On comprend que Blair continue à affirmer, contre vents et marées, la validité de son projet de « pont entre l'Europe et les États-Unis ». Comme on a cherché à le démontrer, ce projet qui se réfère à la réalité-virtuelle se heurte à la réalité-réelle. Et, en vérité, personne ne l'aide. Ne parlons pas ici des Européens, mais parlons de la “famille” anglo-saxonne.

A l'intérieur du Royaume-Uni, les conservateurs sont déjà en campagne. Ils partent en sachant que les sondages les donnent battus mais ils vendront chèrement leur peau, avec un petit espoir que la machine blairiste s'emballe et leur laisse une victoire inespérée. Pour cela, ils ont choisi ce domaine, complètement inédit pour une campagne électorale, de la sécurité et des relations stratégiques avec les USA (on voit, plus loin, cet aspect de la question plus en détails). Les conservateurs tablent à mort sur une proximité de calendrier : la récente élection du républicain GW Bush qui devrait, selon ce calcul, conduire à un soutien extérieur du “cousin sacré” sur ces matières de sécurité, — contre Tony Blair. (Ce dernier, bien sûr, plus “grand écart” que jamais, se précipitant àWashington pour obtenir l'appui quasiment électoral de GW Bush.) Tony Hague, le leader conservateur, a donc tiré le premier pétard de la campagne : son discours public du 12 janvier demandant que Blair affirme d'ores et déjà le soutien UK inconditionnel à une NMD anti-missiles qui n'existe pas, qui n'est même pas encore lancée. Ce côté “plus royaliste que le roi” (américain) est de la belle et bonne tactique électorale. Reste à voir ce que cette surenchère fera comme dégâts d'ici les élections, dans les relations entre UK et Européens.

Il n'empêche, toute cette confusion où réalité-virtuelle et réalité-réelle sont sollicitées et manipulées successivement a l'avantage de faire surgir ce qui est la simple réalité des rapports de forces, entre USA et UK. Il ne s'agit plus de rhétorique. En fait, c'est un peu la démonstration de l'analyse que fait George Ball de la formule UK-“51e État”, puisqu'en cette occurence Hague et Blair sont engagés dans une course (réalité-virtuelle mais qu'importe) à l'affirmation d'allégeance aux USA. Le résultat se voit dans la réalité, dans ces premiers échanges concernant la NMD, où toute analyse de bon sens de la position des intérêts nationaux britanniques par rapport à cette question de la NMD est sacrifiée au profit d'un maximalisme pro-américain.
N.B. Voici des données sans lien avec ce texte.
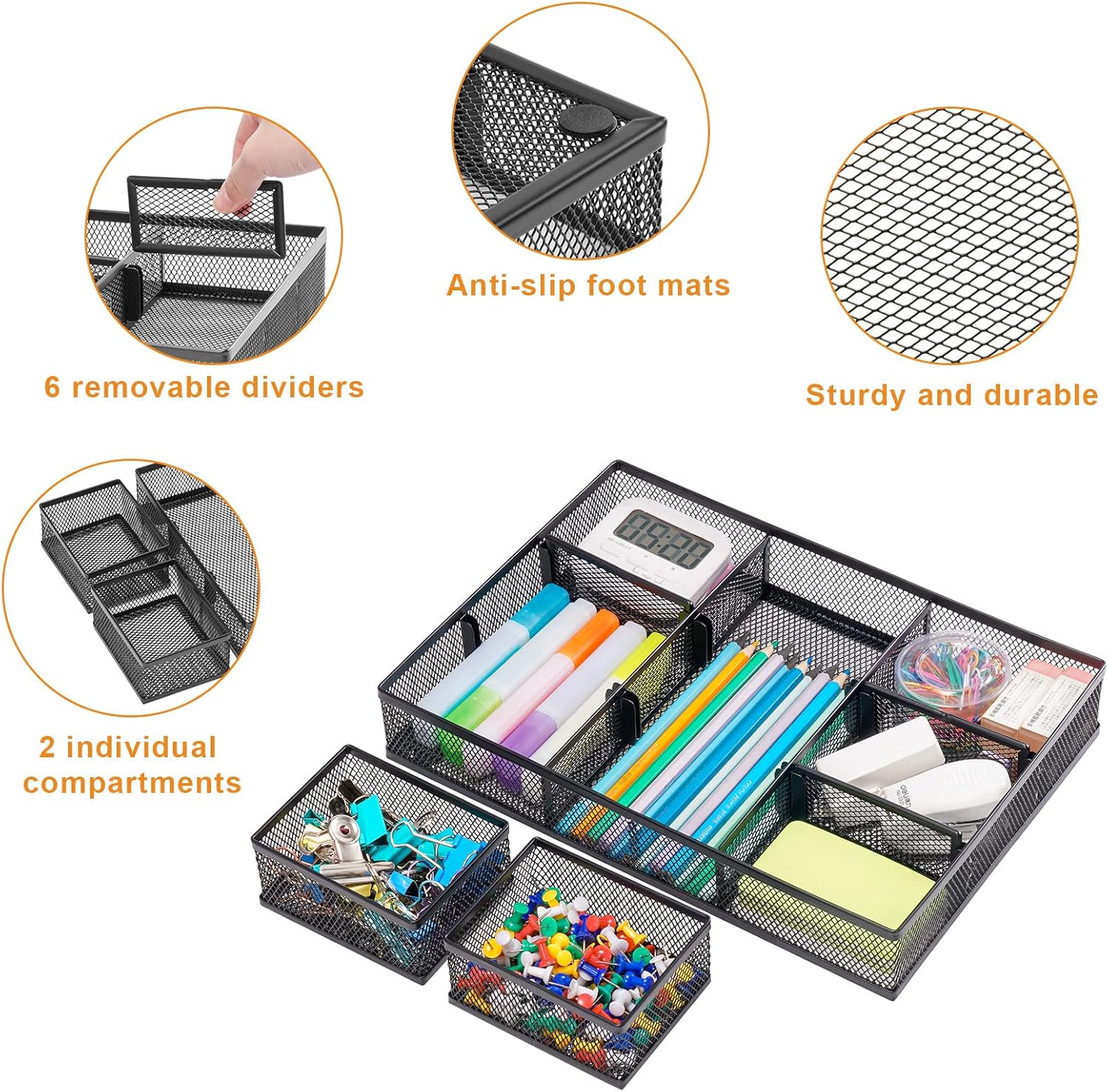 Marbrasse 3 Packs Desk Drawer Organizers, Metal Mesh Dividers Desk Drawer Organizer Tray with 9 Adjustable Compartments, Pen Organizer for Drawer Tray Box Accessories for Desktop,Kitchen, Makeup

L'intervention de facto des Américains dans la campagne électorale en est même sollicitée, par les requêtes appropriée, de l'un et l'autre partis, par intervention directe auprès des dirigeants américains (qui pour avoir leur soutien, dans le cas de Hague, qui pour obtenir que la décision sur la NMD soit reportée après les élections de mai prochain). On se retrouve effectivement, dans cette circonstance précise, dans une situation de facto de “51e État”, où la souveraineté et l'identité nationales britanniques ne sont plus que des souvenirs.